** Opening Data supplied block **

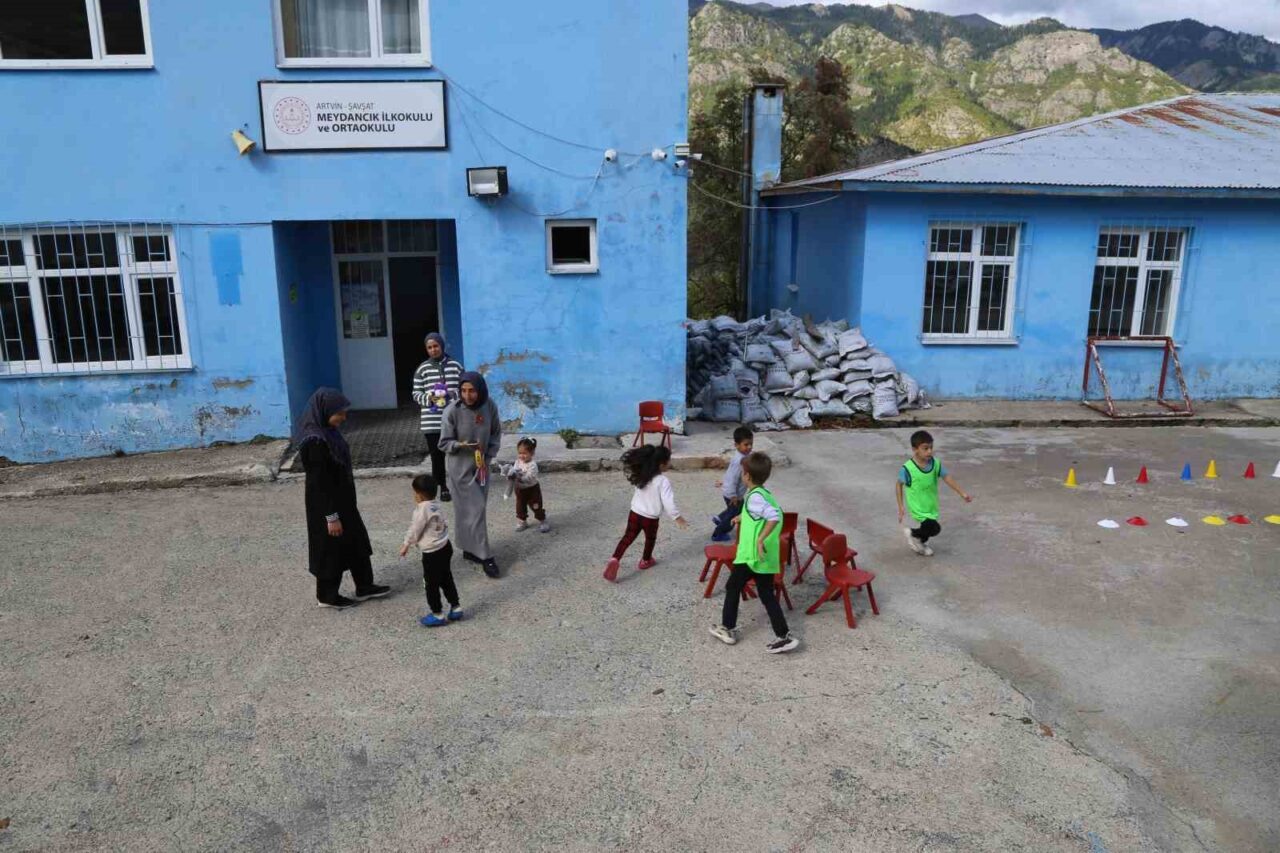 Artvin’in Şavşat ilçesinde yer alan Meydancık köyündeki ilkokul ve anaokulunda eğitim vermeye devam eden 2 öğretmen, toplamda sadece 5 öğrenciye hizmet sunuyor. Devletin kırsal alanlara yönelik eğitimi destekleyen politikaları sayesinde, okul az öğrenci sayısına rağmen açık kalmaya devam ediyor.
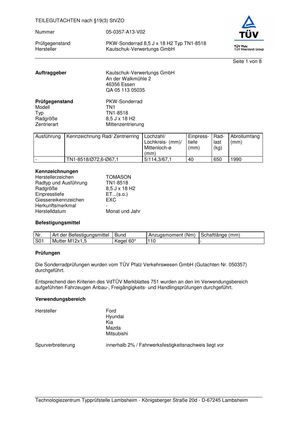 teilegutachten 05-0357-a13-v02 TOMASON TN1-8518
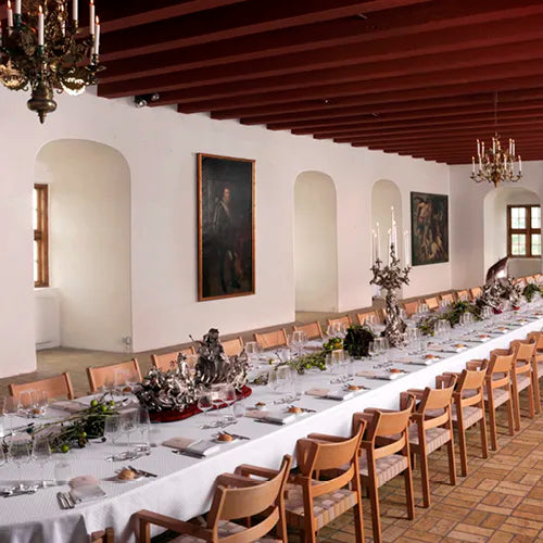 Image 5: In 2023, H.M. Queen Margrethe II celebrated becoming the longest-serving reigning monarch in Danish history with a dinner held in The Great Hall at Koldinghus. The tablecloth chosen for the event was the damask woven Snefnug. Photo: Keld Navntoft.
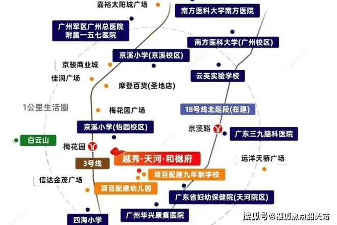 天河和樾府位于天河中轴北延段,直线距离珠江新城约6公里,车程15分钟;距离地铁3号线梅花园站约800米(步行10分钟),2026年底开通的18号线北延段(京溪路站)将进一步缩短通勤时间。
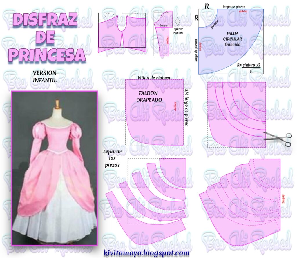 - Largo de Falda: Desde la cintura hasta donde quieras que llegue el bajo del vestido.
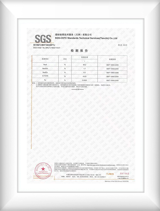 | Sodium Sulfide | 60.2% | GB/T10500-2009 |
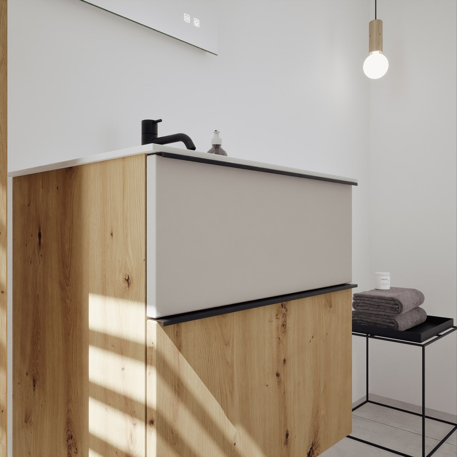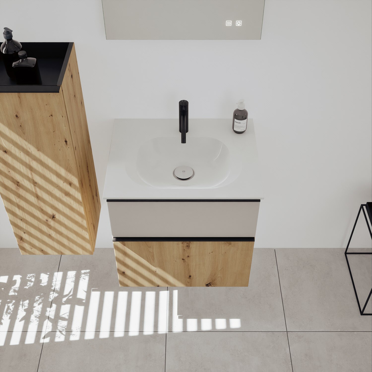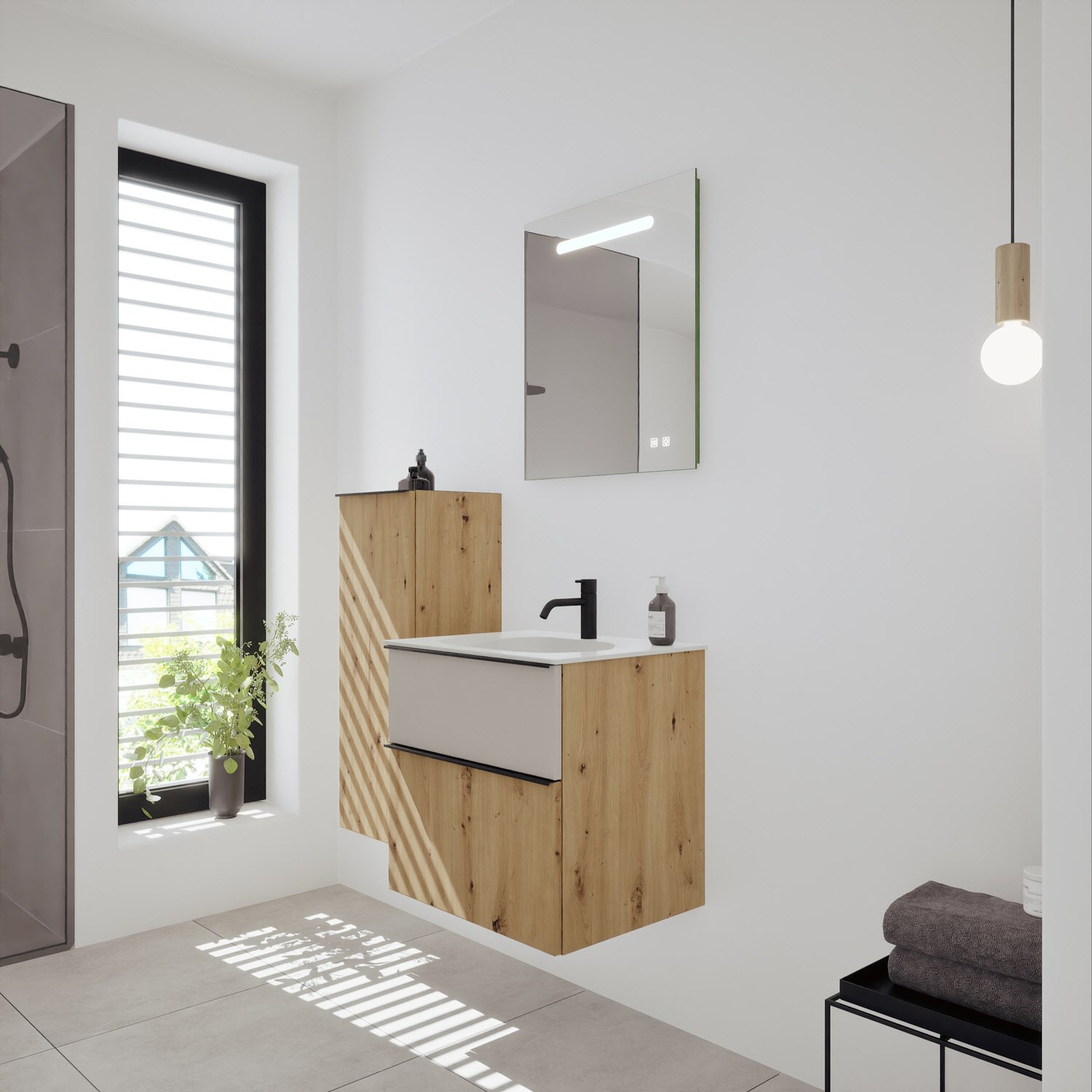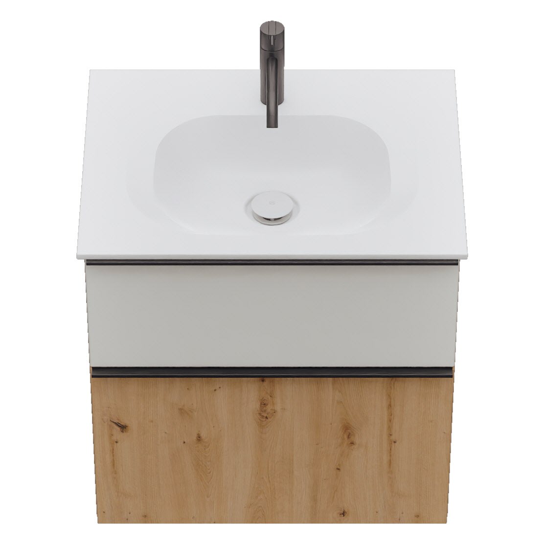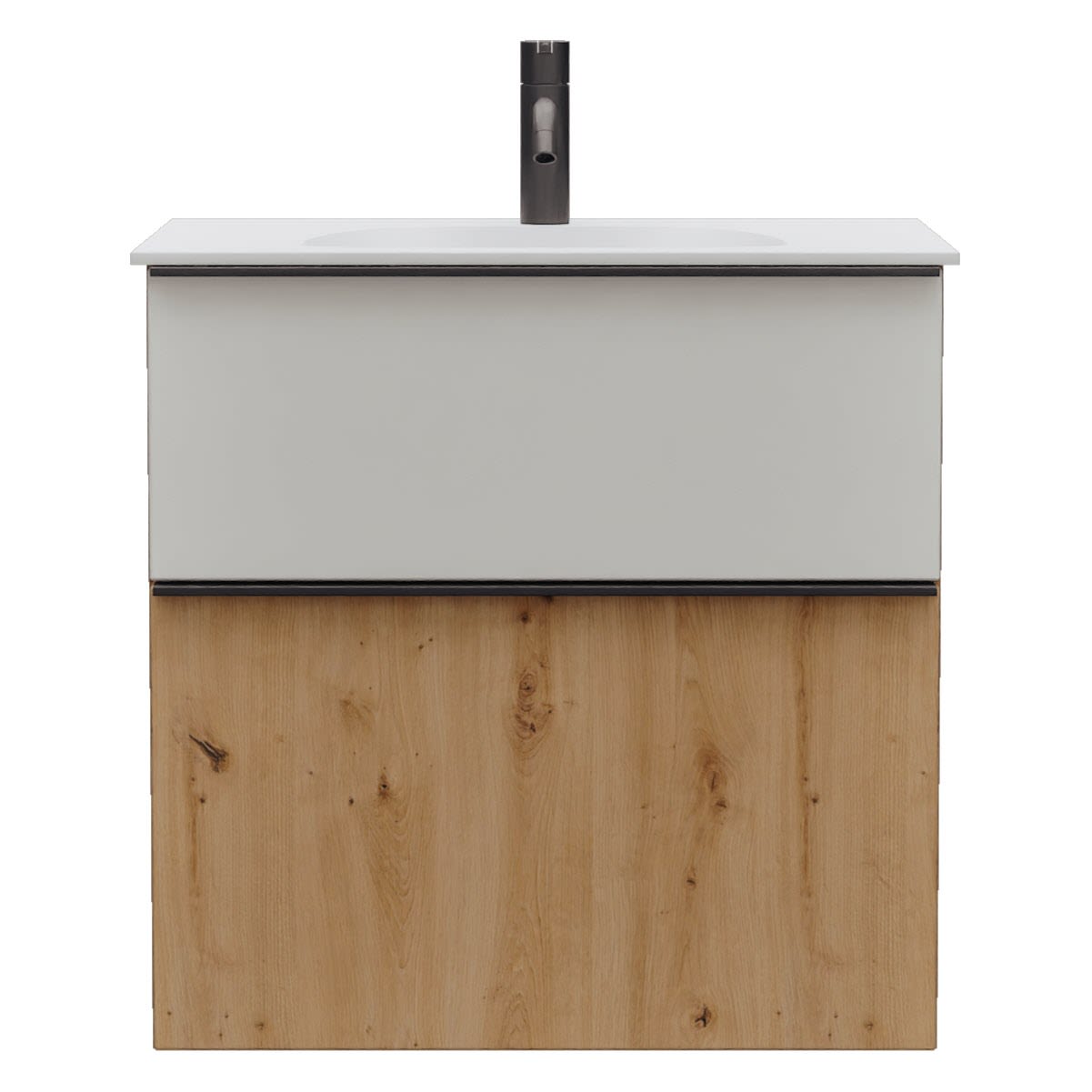 burgbad Fiumo 2.0 Mineralguss-Waschtisch mit Waschtischunterschrank 62 cm, mit Griff G0200

** Closing Data supplied block **

> **Instructions to follow**: The expected answer consists solely of the lines from the one with "Image 5: In" through the last line of the listing above, restated exactly, minus any pictures.

> **Written reply**:
 Image 5: In 2023, H.M. Queen Margrethe II celebrated becoming the longest-serving reigning monarch in Danish history with a dinner held in The Great Hall at Koldinghus. The tablecloth chosen for the event was the damask woven Snefnug. Photo: Keld Navntoft.
 天河和樾府位于天河中轴北延段,直线距离珠江新城约6公里,车程15分钟;距离地铁3号线梅花园站约800米(步行10分钟),2026年底开通的18号线北延段(京溪路站)将进一步缩短通勤时间。
 - Largo de Falda: Desde la cintura hasta donde quieras que llegue el bajo del vestido.
 | Sodium Sulfide | 60.2% | GB/T10500-2009 |
 burgbad Fiumo 2.0 Mineralguss-Waschtisch mit Waschtischunterschrank 62 cm, mit Griff G0200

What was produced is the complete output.